Вовремя я стал на bitbucket переезжать.

Если ты не осилил gitignore, то без разницы куда уезжать.

Показательно:

Languages

    7 Perl
    1 PHP

т.е. с java ни одного гения, а кол-во на перле их отчегото больше

Причем здесь битбакет?

Не сразу разобрался в чем дело, думал опять нашли дыру в github`е.

И причем тут гитхаб? ССЗБ.

И причем тут гитхаб? ССЗБ.

При том, что это происходит на нем? :)

так написано, как будто это они виноваты.

тут надо писать не «веселье в гитхабе», а «идиоты в гитхабе».

а на кой хрен загружать приватные ключи?

тут надо писать не «веселье в гитхабе», а «идиоты в гитхабе».

Странно у тебя как-то с пониманием.
Имхо и то и то прекрасно подходит.

Просто идиоты грубо как-то, бэ.

а на кой хрен загружать приватные ключи?

Как на кой. Это как девственницы нагибаются с разрезами до живота перед парнями.

Вообще-то, если смотреть по репозиториям, то там и сишники, и джависты.

Сходил бы по ссылке, не нёс бы такого бреда.

рубистов ещё много и питонщиков.

А большая часть просто идиотов, который без разбора «бекапят» на гитхабе ~/.*

Это здесь уже было? В Китае заблокирован GitHub

Ссылки на все ключи (не сами ключи!)

#!/bin/bash
for n in {1..44}
do
        wget -O - "https://github.com/search?p=$n&q=path%3A.ssh%2Fid_rsa&ref=searchresults&type=Code" | grep -Eo "\".*?/.ssh/id_rsa(\.pub)?" | sed -e 's/^.\{1\}//' |  sed s/^/"https:\/\/github.com"/ >> key_links.txt
done

key_links.txt можно скормить wget'у

P.S. Использовать только в целях ознакомления, не было ли утечки ключей из проектов, с которыми вы каким-либо образом связаны.

О, спасибо :)
Правда мне не нужны, у меня своих ключей целые папки.

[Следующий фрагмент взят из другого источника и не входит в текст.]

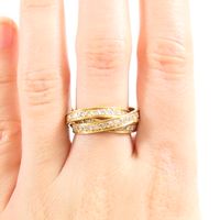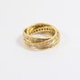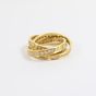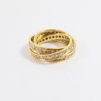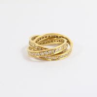Bague triple : en or 750 mil. exempté [Art. 524 bis du CGI al. C]. Ornée de diamants d'environ 0,02 carat. (TDD : 53) (éclats) (déformations). 8,2 g. brut.

руки битбакет не выравняет

Ссылки можно скормить сюда:

#!/bin/bash
file=$1;
while read -r line; do
    raw=`echo $line | sed 's/tree/raw/g'`;
    echo "download  $raw";
    save_file=`echo $line | awk 'BEGIN { FS = "/"; } { print $4 "_" $5 "."$9 }'`;
    echo "Download $save_file";
    wget -qO $save_file $raw
done < $file;

./grab_keys.sh key_links.txt

DSA туда же https://github.com/search?p=1&q=path:.ssh/id_dsa&ref=searchresults&am...

Правда мне не нужны, у меня своих ключей целые папки.

А зачем они нужны (ключи с чужих компутеров)? Его ведь вроде не на своём компутере использовать нельзя?

Его ведь вроде не на своём компутере использовать нельзя?

ЩИТО?

Да кстати.
Самое интересно не то, что там полно тупых виндятлов которые оставили свои ключики.

Куда забанее, что там есть пара людей которые знали, что у них там паблик ключи и это не безопасно.
И что же они сделали?
Правильно! Они удалили ключи и сделали коммит :D

Льзя что-ли? Вот сюрприз. Был лучшего мнения об всех этих rsa/dsa. Так что, когда он просит ввести passphrase, это не шутка?

Вообще-то [:|||:] https://www.google.com/search?q=site:pastebin.com BEGIN RSA PRIVATE KEY

Смысла тогда не понимаю в этих rsa/dsa. Это всё равно что пароль на бумажке записать получается.

Был лучшего мнения об всех этих rsa/dsa.

Я чаем подавился.

Ты это серьёзно?

man Криптосистема с открытым ключом

Понятия не имею, как они работают. Всегда думал, что если секурити специалисты, например в моей компании, дают доступ по ssh извне, они понимают что делают.

Так или иначе этот тред о человеческой глупости.
К принципам функционирования rsa/dsa ключей он не имеет никакого отношения.

Так или иначе этот тред о человеческой глупости.
К принципам функционирования rsa/dsa ключей он не имеет никакого отношения.

Видя это, у меня два вопроса возникло:

1. Каким образом содержимое .ssh стало доступным по http?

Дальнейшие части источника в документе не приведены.